Watch Dogs was teased at E3 last year, and further revealed at Sony’s PS4 event in February. This E3, the live gameplay demo only furthered the need to see and play more of this game. Set in the near future, it’s an open-world action game, with tactical stealth mixed in as well. Our protagonist is Aiden Pearce, who uses his smartphone to hack into any system in Chicago to spy on its inhabitants. Controlling security cameras, power grids, cellphones, data banks — everything — players will use his hacking abilities to control the city, identifying targets and eliminating them, using the city as his weapon. As well as guns, of course. It looked beautiful in the early gameplay demo, with slick visuals, a fluid UI and an excellent premise. Watch Dogs is definitely one to watch. (Sorry.) (PS3, PS4, Xbox One, Xbox 360, PC, Wii U)

The Division

The newest game in the Tom Clancy franchise, The Division is an open-world, online, multiplayer, third-person shooter. Set in a fictional New York, in which an unnamed pathogen has infected the world’s population, players take control of members of an elite, anonymous group of individuals trained to maintain order in society should those in command fall. As New York succumbs to the viris, basic services fail and the city descends into chaos. This is the world of The Division, with players teaming up with friends to safeguard the city from inhabitants and other players. The gameplay left us wanting more, and with an entire New York City to explore and rescue, it should really demonstrate the power of the next-gen consoles. (Xbox One, PS4)

Thief

Don’t call it a sequel, or a prequel. Call it a reboot, a whole new game. That’s what Eidos told us during our presentation of the game, and it’s a compelling argument. Taking the essence of what made the original games so great, but updating it to fit in a world filled with Assassin’s Creed and Dishonored, Thief is shaping up to be a pretty incredible game. We viewed pre-alpha gameplay footage, and the game aready looks crisp, fluid and rather pretty — despite its muted color palette and predominantly dark settings.

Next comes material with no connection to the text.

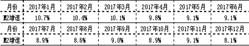 注2:2018年1月,人民银行完善货币供应量中货币市场基金部分的统计方法,用非存款机构部门持有的货币市场基金取代货币市场基金存款(含存单)。完善后,2017年各月末M2增速如下:
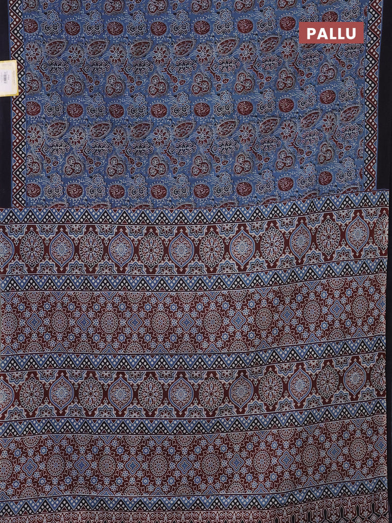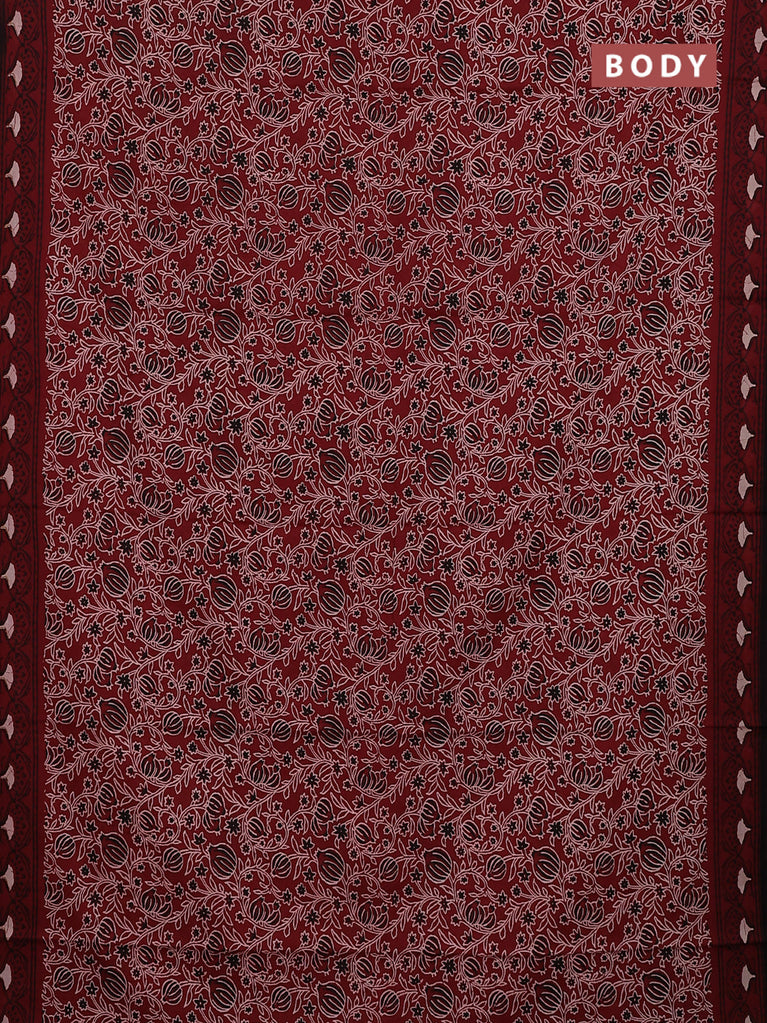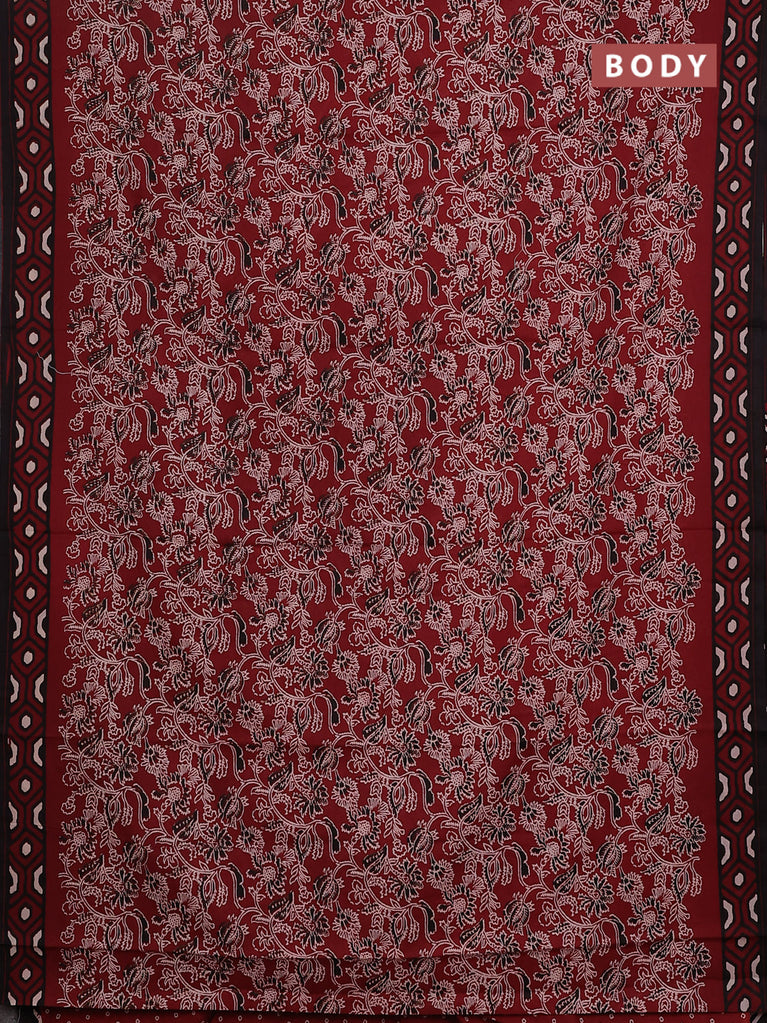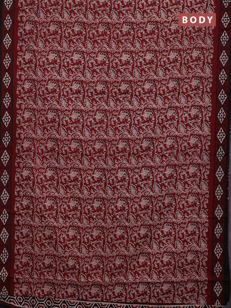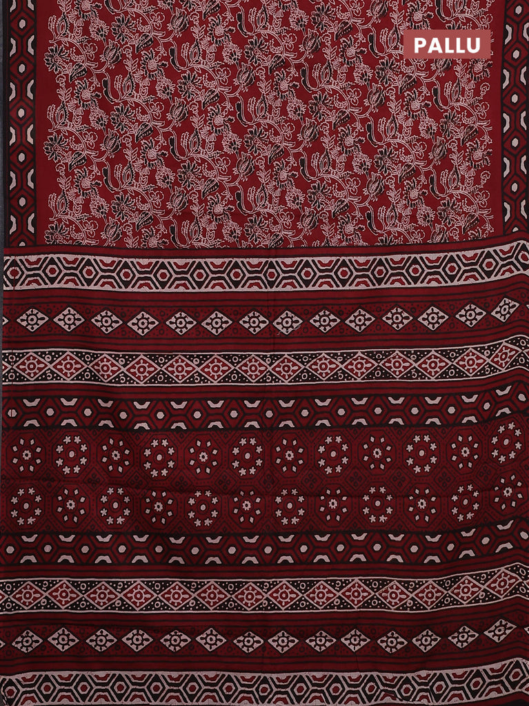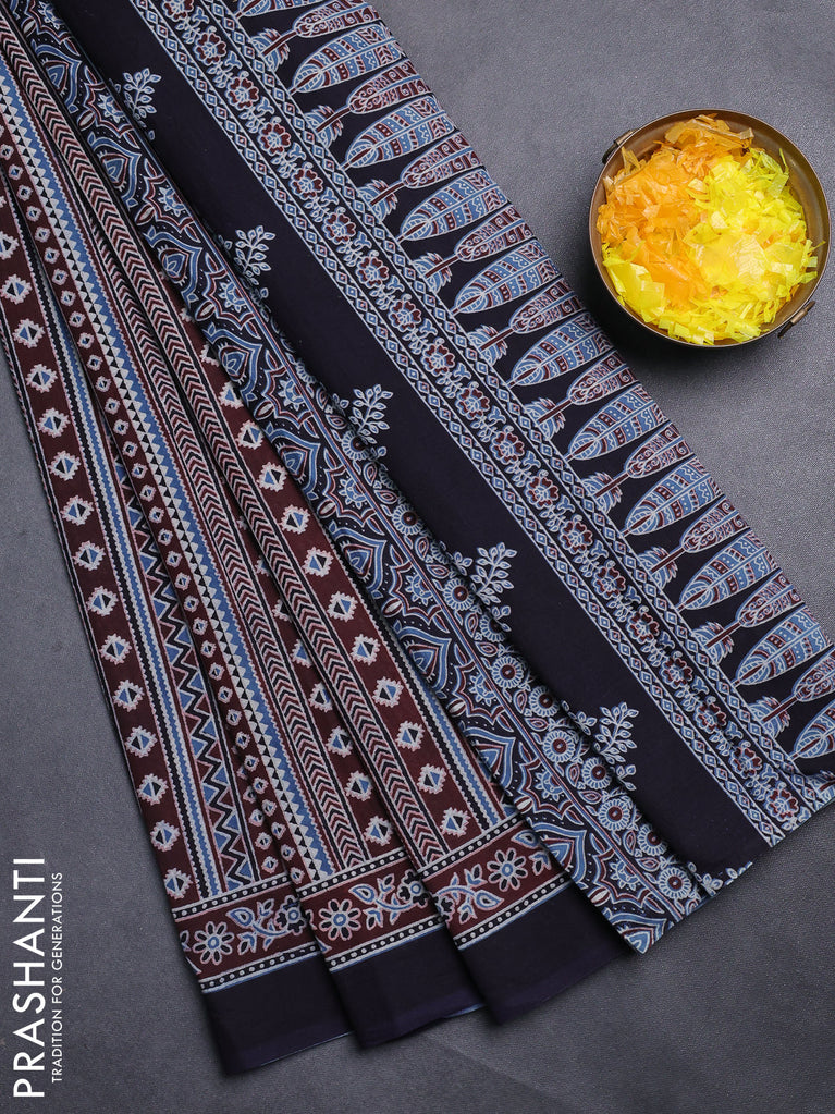 Jaipur cotton saree marron and black with allover ajrakh prints and printed border

With open gameplay that allows users to make their own choices, Thief should prove a great game to old fans and new alike. (PC, Xbox One, PS4)

The Crew

The Crew demonstrates the power that the next gen has to affect every genre. Taking the open-world racing concept of Test Drive Unlimited, the attention to detail of Gran Turismo and the arcade fun of Burnout, The Crew follows players as they work to infiltrate a criminal organization, working their way through various scenarios and races as they try to become the best team of drivers — or crew — in the city. With detailed multiplayer, that includes a simple jump-in/jump-out system and a map that encompasses not a city or a state, but the whole of the USA, The Crew will feature off-roading, drifting, racing and takedown missions, as well as a ridiculously deep customization engine that allows the player to strip the car to the chassis and rebuild as needed for a specific event. It looked incredible in motion, and we can’t wait for more. (PC, PS4, Xbox One)

Ryse: Son of Rome

Exclusive to Xbox One, Ryse puts the player in Roman times, taking the place of a soldier who, after watching the murder of his family, joins the army to exact revenge. Ryse is all about bloody, visceral action, with a deep fighting mechanic that allows players to level up, unlocking better exectutions and quick-time elements to exact pain upon your foes. On top of that, it also blends RTS elements by letting players command infantry in battle as they hack and slash their way through the enemy, by shouting orders at the Xbox’s Kinect sensor. It should offer an interesting view into a bloody period of history. (Xbox One)

Murdered: Soul Suspect

What’s the hardest crime to solve? Try your own murder. That’s the task that Murdered: Soul Suspect assigns players, with its protagonist – Salem, Mass., detective Ronan O’Connor – murdered by an unknown criminal. Finding himself trapped between worlds as a ghost, he must work to solve his own murder case. Possessing civilians and reading their minds, or directing their thoughts, scanning scenes, interacting with the supernatural elements that arise in Salem, all in a day’s work as Ronan continues his investigation — and that’s what is so refreshing about Murdered, it’s a game about investigating. By stripping back to a simple gameplay dynamic, the developers have crafted something truly unique in a world of me-too shooters. Murdered could well be one of the last great hurrahs of the current generation before the Xbox One and PS4 swoop in and steal the limelight. (Xbox 360, PC, PS3)

Mirror’s Edge 2

Developer DICE has remained quiet on actual details for Mirror’s Edge 2, but has stated that it will be more open world and more action oriented than its predecessor. Whether it’s a sequel or a fresh story also remains to be seen, but it certainly looks like Faith Connors from the original game in the teaser trailer. We loved Mirror’s Edge, which was a flawed but brilliant game, with some of the nicest visuals of this generation. If DICE can smooth over the cracks in the original, and bring the level of detail the trailer suggests, Mirror’s Edge 2, or whatever DICE eventually names it, could be something truly spectacular.

Kingdom Hearts 3

After so many remixes and offshoots, Kingdom Hearts is finally getting a proper, numerically accurate sequel. Fans of the series rejoice, as it looked incredible in the brief teaser we were treated to on the show floor, with the story slated to follow Sora as he attempts to halt Master Xenahort from remaking the xi blade to open Kingdom Hearts, all while trying to save Terra’s, Aqua’s and Ventus’s souls. It recieved a great response when Sony debuted the trailer during its press conference, and the activity at Square Enix’s booth suggests that hype for the return of Kingdom Hearts is only going to increase. We can’t wait to play it. (PlayStation 4, Xbox One)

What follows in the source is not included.